The Nunavik communities have traditionally harvested beluga along the eastern Hudson Bay, Hudson Strait and Ungava Bay coasts of northern Quebec. Harvest statistics have been monitored over the last 30 years. A first report in 2001 summarized and qualified the information collected since 1974 (Lesage et al. 2001). The current report provides an update of this information for the period 2001–2004. A general decline in annual harvests was observed between the periods preceding and following quota introduction in 1986 after which, total harvests were less variable between years. Annual harvests were relatively similar over the last three years (2002–2004) at 168 to 216 beluga per year, but peaked at 395 beluga in 2001, a level last attained in 1980. Compliance with management measures improved during the period 2001–2004, and especially during 2002–2004, as indicated by a greater transmission of information through weekly reports, and participation in the sampling program, and by a general reduction in the total harvest in all regions of the Nunavik. In spite of these improvements, regional allocations were exceeded almost each year and in each region. Hudson Strait historically supported the largest harvests, and continued to do so during 2001–2004, with 60–84% of the allocations and 58–84% of the total annual harvest by Nunavik communities.

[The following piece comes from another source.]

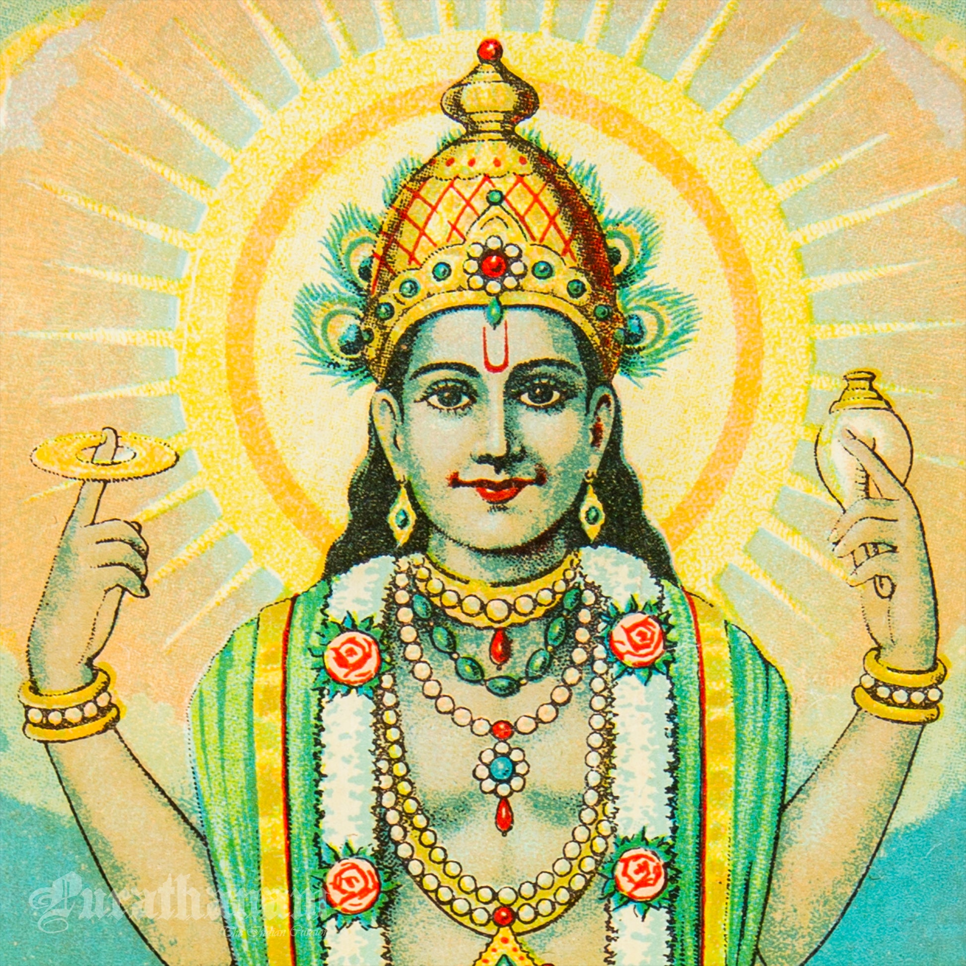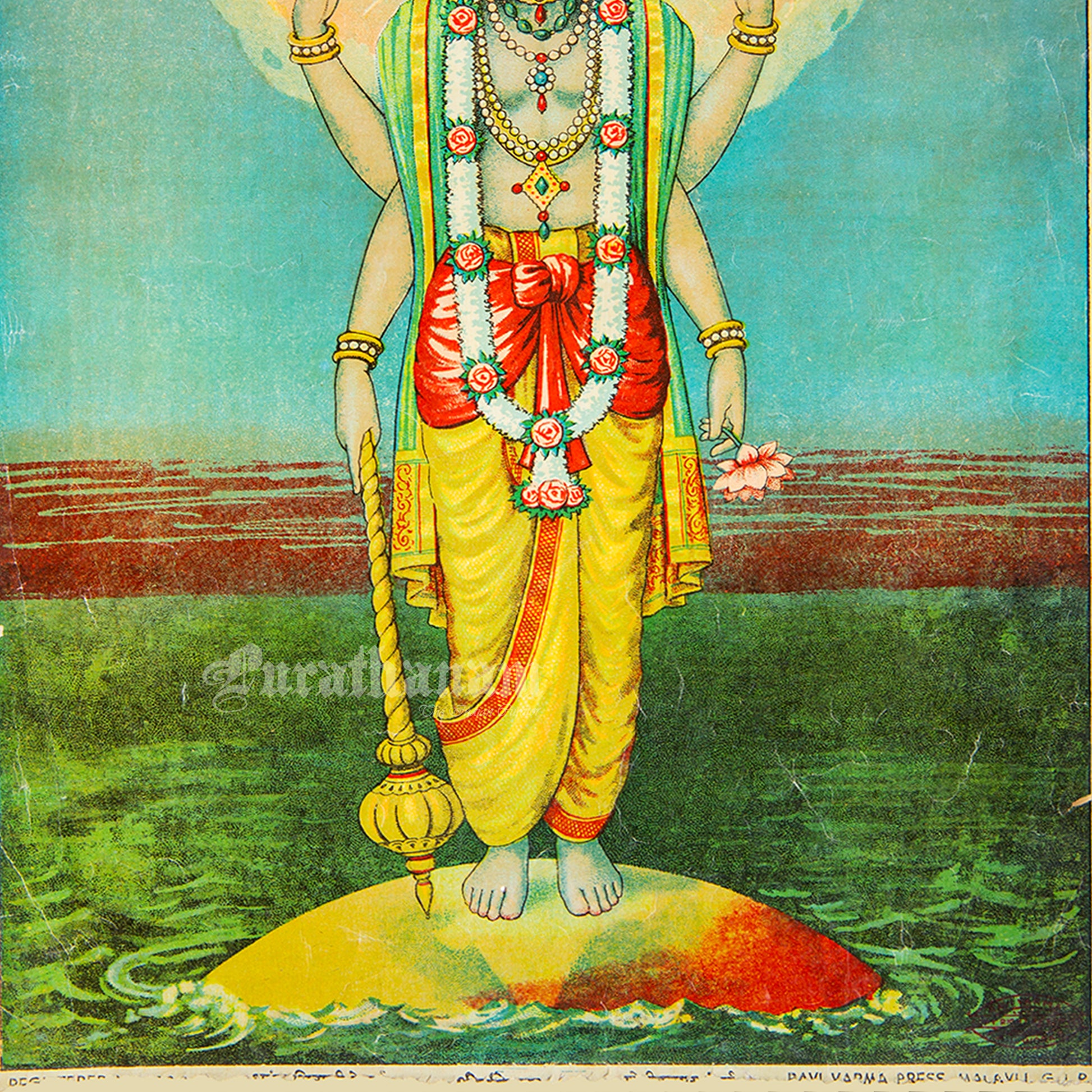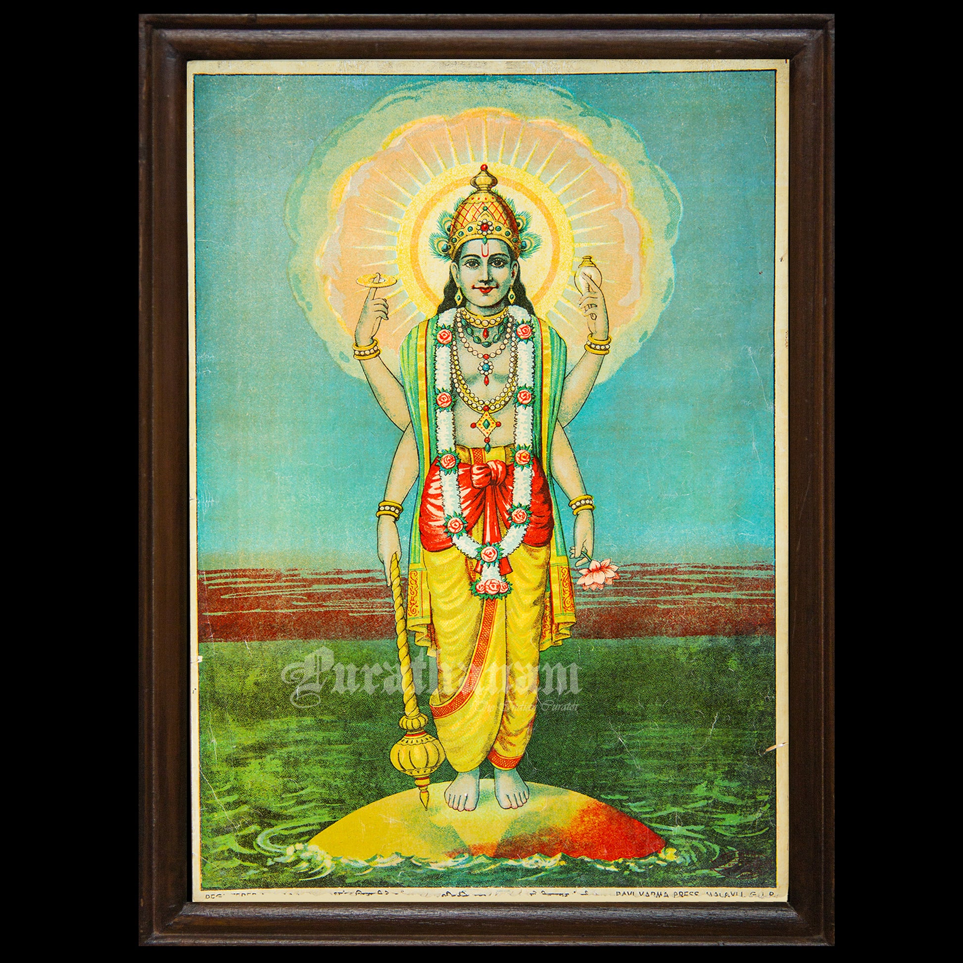 This is an oleograph print from 1920s- 1930s of Sri Vishnu by Ravi Varma an Indian painter who achieved recognition for his depiction of scenes from the epics of the Mahabharata and Ramayana.

One noticeable change during the period 2001–2004 in comparison with previous years was the increase in the number of communities harvesting in Hudson Strait. Although white beluga dominated the harvest, with 58% of the total catches, grey beluga, including dark grey animals, represented 42% of the catches during 2001–2004. The sex composition of the harvest indicates that females were generally killed as often as, or more often than males, both when considering genders independently of their colour, or when considering either white or grey beluga independently. The harvest during 1993–2004 also comprised a larger proportion of younger individuals than the harvest from the mid-1980s, resulting in a distribution with a median age of 9.5 yrs, compared with 13.0 yrs in the 1980s. This tendency to harvest younger individuals was also observed in the harvests of eastern Hudson Bay (median age = 8.5 yrs) and Hudson Strait (median age = 9.5 yrs.